No signs of contemporary settlement have been unearthed near the hoard, although evidence from this time is, as always, scanty. Thus, the hoard having been left behind at a deserted house cannot be outruled as a possibility.
These speculative theories are given to show the reader the numerous areas of inquiry that the existence of the hoard opens up. The clearest conclusion that can be drawn is that the kuduk who buried this clearly valued recipes: not only as a means to prepare food, but also as an important social, cultural, and historical artifact.
 See Lowdham, A. A., et al. (2009). Radiocarbon Dating of the Warwickshire Hoard. Middle-earth Archaeology, 21, 17-31.
 For a chemical analysis of the substances, see Lowdham, A. A., et al. (2010). Compounds and Alloys Used in the Warwickshire Hoard. Middle-earth Archaelology, 22, 69-82.
 First argued by Tolkien, J.R.R. (1954). Notes on the Shire Records. The Fellowship of the Ring, 13-15.
 See Luin, E (2005). Bag End Seedcake. Centar Ardo, 50, 24. http://community.livejournal.com/shire_kitchen/26627.html#cutid1
 Weights and measures have been translated.
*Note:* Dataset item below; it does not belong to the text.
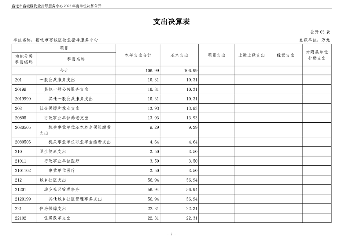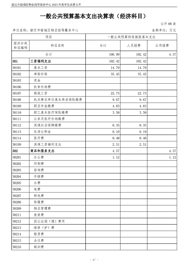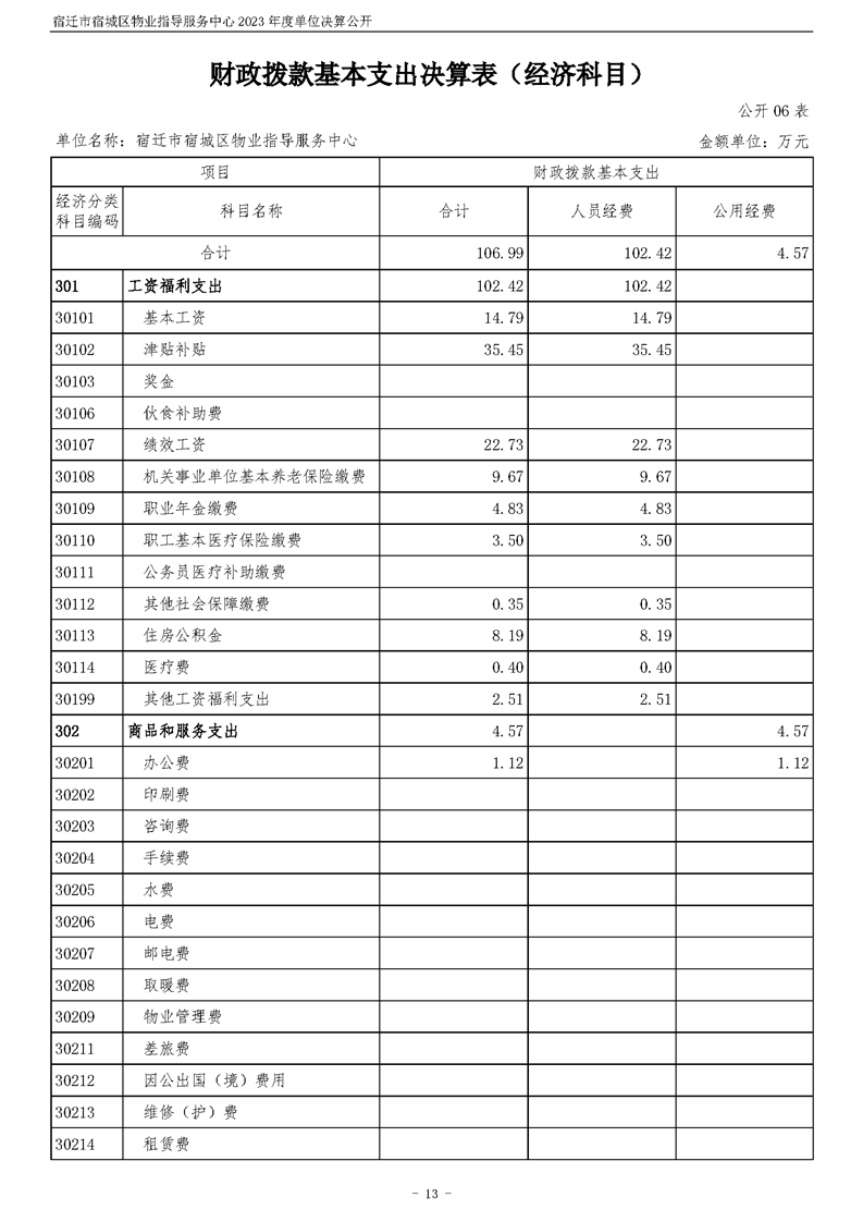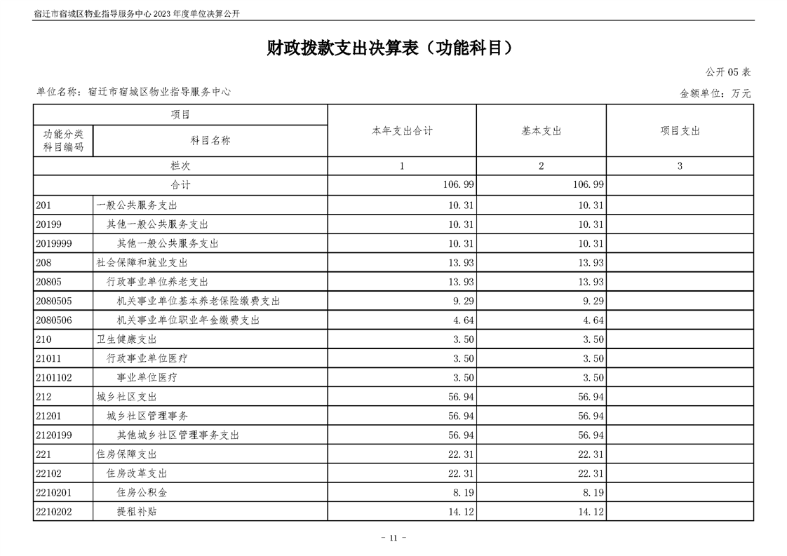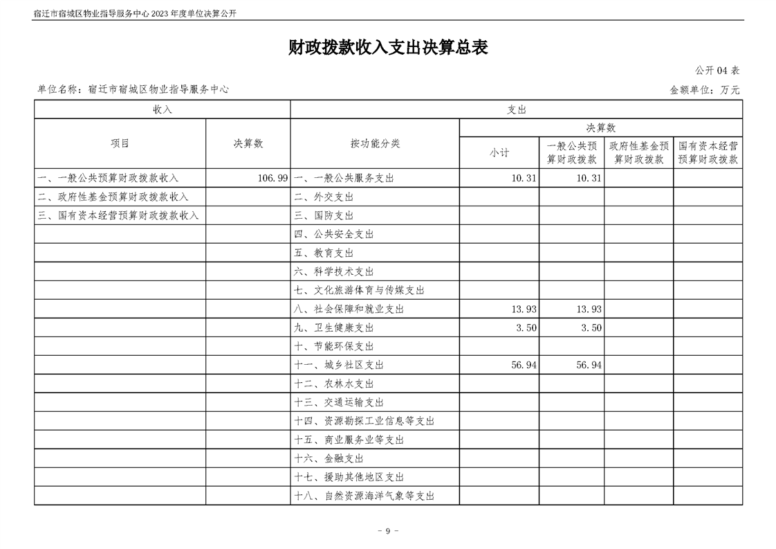 宿迁市宿城区物业指导服务中心2023年度单位决算公开

 No such recipe has been found yet; however, not all of the cards have yet been translated. Yuletide pudding recipes have been found in the marginalia of two manuscript copies.
Thanks to generous funding from the Tolkien Estate, the contents of a metal box unearthed by a metal detector in Warwickshire have been shown with 95% certainty to date to 7750 BP, or 5800 BCE, ± 75 years. While scholars are still unable to place this date in Gondor/Suza reckoning, this clearly places the hoard sometime in the first half of the Fourth Age, certainly well before any era of forgery. The evidence of the material itself only corroborates the chemical evidence of radiocarbon dating.
 See Tolkien, J.R.R. (1967). Some Thoughts on the Voronwë Seal. Journal of the Proceedings of the Arda Philological Society, 1, 1-25. The reader will not need to be reminded that the presence of this seal neither confirms nor denies the “magical” aspect of the Elvish cultures in the literary sources, or even the efficacy of the technology whose presence the seal was intended to signal, as many other objects now lost to us may have had the same seal. If Tolkien’s interpretation of the seal is correct, the only meaning that may safely be attached to the seal is that this cache, like many of the texts containing it, was intended for long-term preservation.